J'enleva le haillon que Daniel et Marie-Beth me faisaient porter et mis le chandail à manches courtes blanc, le jean et les Converses noirs que l'inconnu m'avait donné. Toutefois, je garda le foulard qui cachait mes cheveux.

Lorsque je revint dans la pièce principale, il était assis à la table, sirotant une tasse de thé. J'arriva lentement à sa hauteur et il me demanda, sans lever le nez de son breuvage, quel était mon nom.
Daniel ne m'avait pas habitué à répondre lorsqu'on m'adressait la parole, alors je baissa la tête.

- Tu peux parler maintenant, tu sais. Je ne te ferai aucun mal.

J'inspira silencieusement et souffla un petit "Raven" comme réponse.

- J'aimerais que tu me regardes dans les yeux quand tu me parles.

Je leva lentement la tête, m'attendant à rencontrer ses lunettes de soleil, mais je fis face à encore pire que cela.

Deux yeux bleus perçants me fixaient.

Je me figea et mon coeur s'arrêta pendant un millième de seconde.

"Q-qui es-tu?" dis-je, les yeux écarquillés.

- "Appelle-moi Killer" dit-il, avec un sourire en coin.

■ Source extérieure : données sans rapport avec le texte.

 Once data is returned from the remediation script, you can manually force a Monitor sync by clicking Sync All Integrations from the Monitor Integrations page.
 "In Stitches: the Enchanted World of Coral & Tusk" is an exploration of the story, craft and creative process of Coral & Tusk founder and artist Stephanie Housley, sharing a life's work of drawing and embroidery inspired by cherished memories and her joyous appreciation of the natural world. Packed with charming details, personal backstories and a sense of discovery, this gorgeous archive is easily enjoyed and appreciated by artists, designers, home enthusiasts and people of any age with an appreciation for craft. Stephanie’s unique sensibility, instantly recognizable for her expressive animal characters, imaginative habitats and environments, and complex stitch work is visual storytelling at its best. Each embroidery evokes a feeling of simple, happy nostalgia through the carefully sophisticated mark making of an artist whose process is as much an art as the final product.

Je me souvenus alors d'un conte que ma mère me lisait lorsque j'était enfant. La légende de Killer. Mais je souvenus également que ma mère le décrivait avec des cheveux pas ordinaires, donc cet homme ne pouvait pas être celui qu'il prétendait.

"Non... Ça ne se peut pas." déclarais-je, soudainement sûre de moi. Je ne savais pas d'où venait cet élan de confiance, mais il me plaisait bien. Peut-être la confiance que Daniel s'obstinait à me faire oublier.

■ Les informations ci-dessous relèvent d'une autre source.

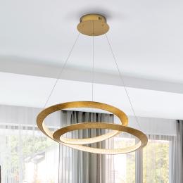 ETERNITY- LAMPARA PAN ORO Ø97 - SCHULLERLámpara realizada en metal, perfil curvo acabado pan de oro y canopí dorado. Difusor de piezas de acrílico transparente. 64W LED. 3.588 lm. 3.000 K. Material/Tonalidad - Materiales: Metal, aluminio , acrilico./Me - Acabado: Dorado, pan oro, transparente. Iluminación - Potencia Eléctrica: 64W - Lúmenes: 3588 - Tonalidad de la luz: 3000 K - Tensión: 180/240 V - Frecuencia: 50/60 Hz - Vida Media: 50000 Horas - CRI: 80 Medidas - Articulo: Diámetro 97 cms / Alto 25 cms - Lámpara instalada: Altura Mínima 75 cms / Altura Máxima 130 cms - Peso: 3,58 Kg - Florón de techo: Diámetro 19 cms / Alto 4 cms Otros Datos de Interés - IP: IP 20 - Código EAN: 8435435336905.0 - Colección: Eternity
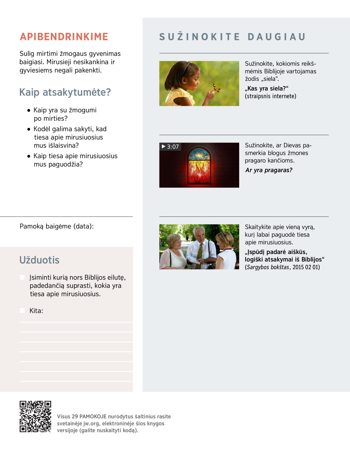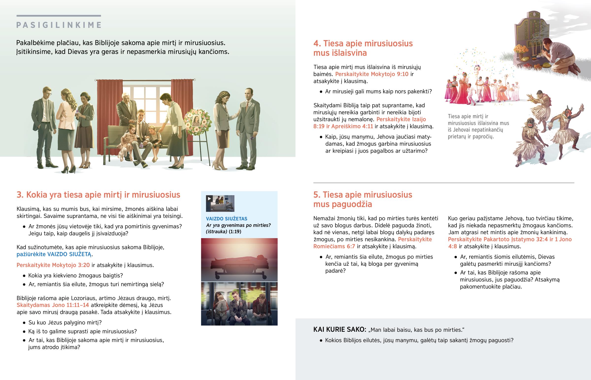 Ar esate netekęs artimo žmogaus? Jei taip, galbūt kartais pamąstote: „Kur jis dabar? Ar kada nors jį pamatysiu?“ Šioje ir kitoje pamokoje pakalbėsime, kas apie mirtį ir mirusiuosius sakoma Biblijoje. Tai, ką sužinosite, gali jus nuraminti ir paguosti.
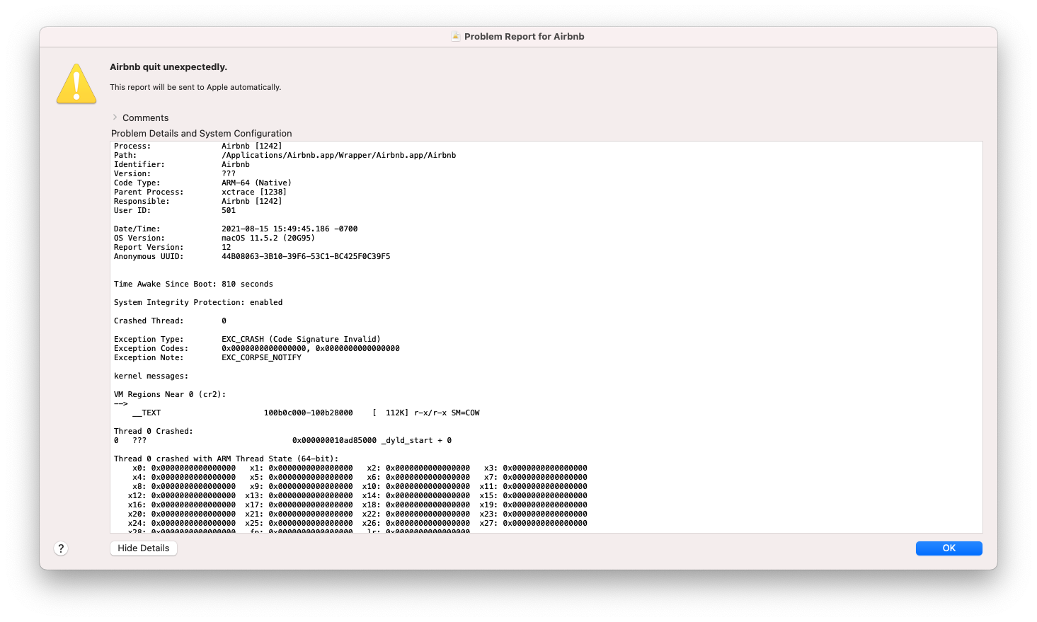 Using the id of my Mac returned from xcrun xctrace list devices. This attempts to launch the app but it immediately crashes with an error about an invalid code signature:

Avec un regard amusé, le sois-disant Killer enleva son chapeau laissant libres ses cheveux qui lui arrêtaient au-dessus des épaules.

Des cheveux noirs comme l'ébène.

Mon coeur s'arrêta réellement, cette fois-ci. Je m'écroula de tout mon long sur le sol et mon foulard céda pendant ma chute. Libérant ainsi, mes cheveux noirs.